__Exercise details__: Your answer must be an exact copy of the data below, minus any pictures.

___ Supplied data

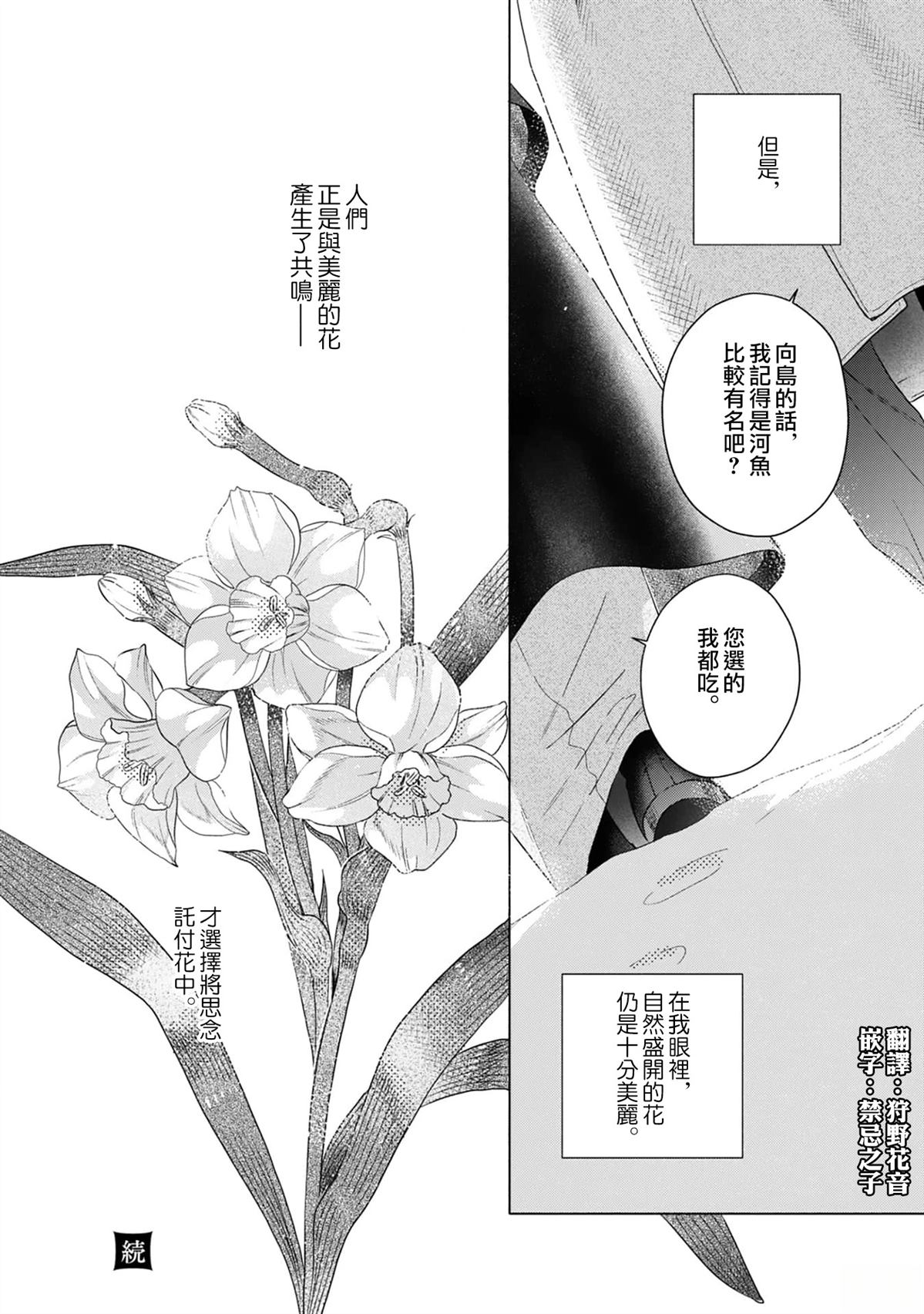 「本来以为你是个像花一样的男人。」花艺师中桐世渚,是世界级超模——浅樱润的杂志摄影幕后工作人员。世渚不明白润为什么要对他这么好,只能一直凝视著在华丽舞台上活跃的润。而拍摄工作结束后,润突然车邀他出游——世界级超模×花艺师,专情的美型青年与胆小的好人,即将一段花束般的恋情。
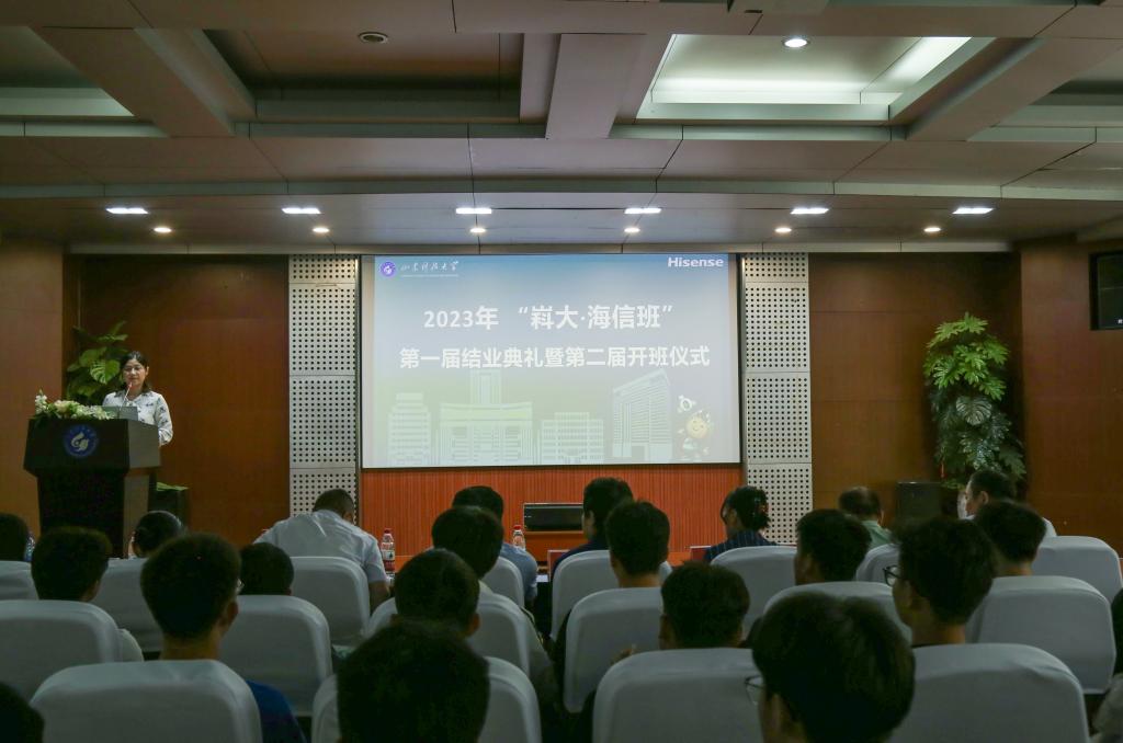 点击:为加强校企合作,深化产教结合,5月19日下午,BBIN波音平台百家乐与海信视像科技有限公司校企共建“嵙大·海信班”第一届结业典礼暨第二届开班仪式在BBIN波音平台百家乐报告厅举行。海信视像科技制造中心总经理刘广劼、海信视像科技团委书记、人力资源部副总经理梁艳华、BBIN波音平台百家乐合作发展处副处长王荣超、相关学院学生工作负责人以及部分校企海信班工作人员出席本次活动,BBIN波音平台百家乐团委书记樊玉华主持本次活动。
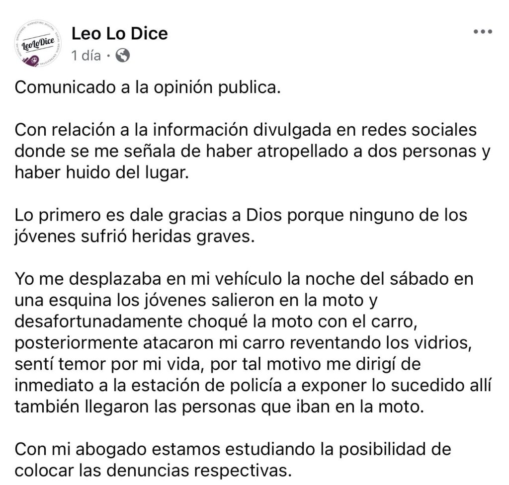 En la página de Facebook de Leo Lo Dice fue publicado el siguiente comunicado:

______

__Answer for this exercise__:
 「本来以为你是个像花一样的男人。」花艺师中桐世渚,是世界级超模——浅樱润的杂志摄影幕后工作人员。世渚不明白润为什么要对他这么好,只能一直凝视著在华丽舞台上活跃的润。而拍摄工作结束后,润突然车邀他出游——世界级超模×花艺师,专情的美型青年与胆小的好人,即将一段花束般的恋情。
 点击:为加强校企合作,深化产教结合,5月19日下午,BBIN波音平台百家乐与海信视像科技有限公司校企共建“嵙大·海信班”第一届结业典礼暨第二届开班仪式在BBIN波音平台百家乐报告厅举行。海信视像科技制造中心总经理刘广劼、海信视像科技团委书记、人力资源部副总经理梁艳华、BBIN波音平台百家乐合作发展处副处长王荣超、相关学院学生工作负责人以及部分校企海信班工作人员出席本次活动,BBIN波音平台百家乐团委书记樊玉华主持本次活动。
 En la página de Facebook de Leo Lo Dice fue publicado el siguiente comunicado:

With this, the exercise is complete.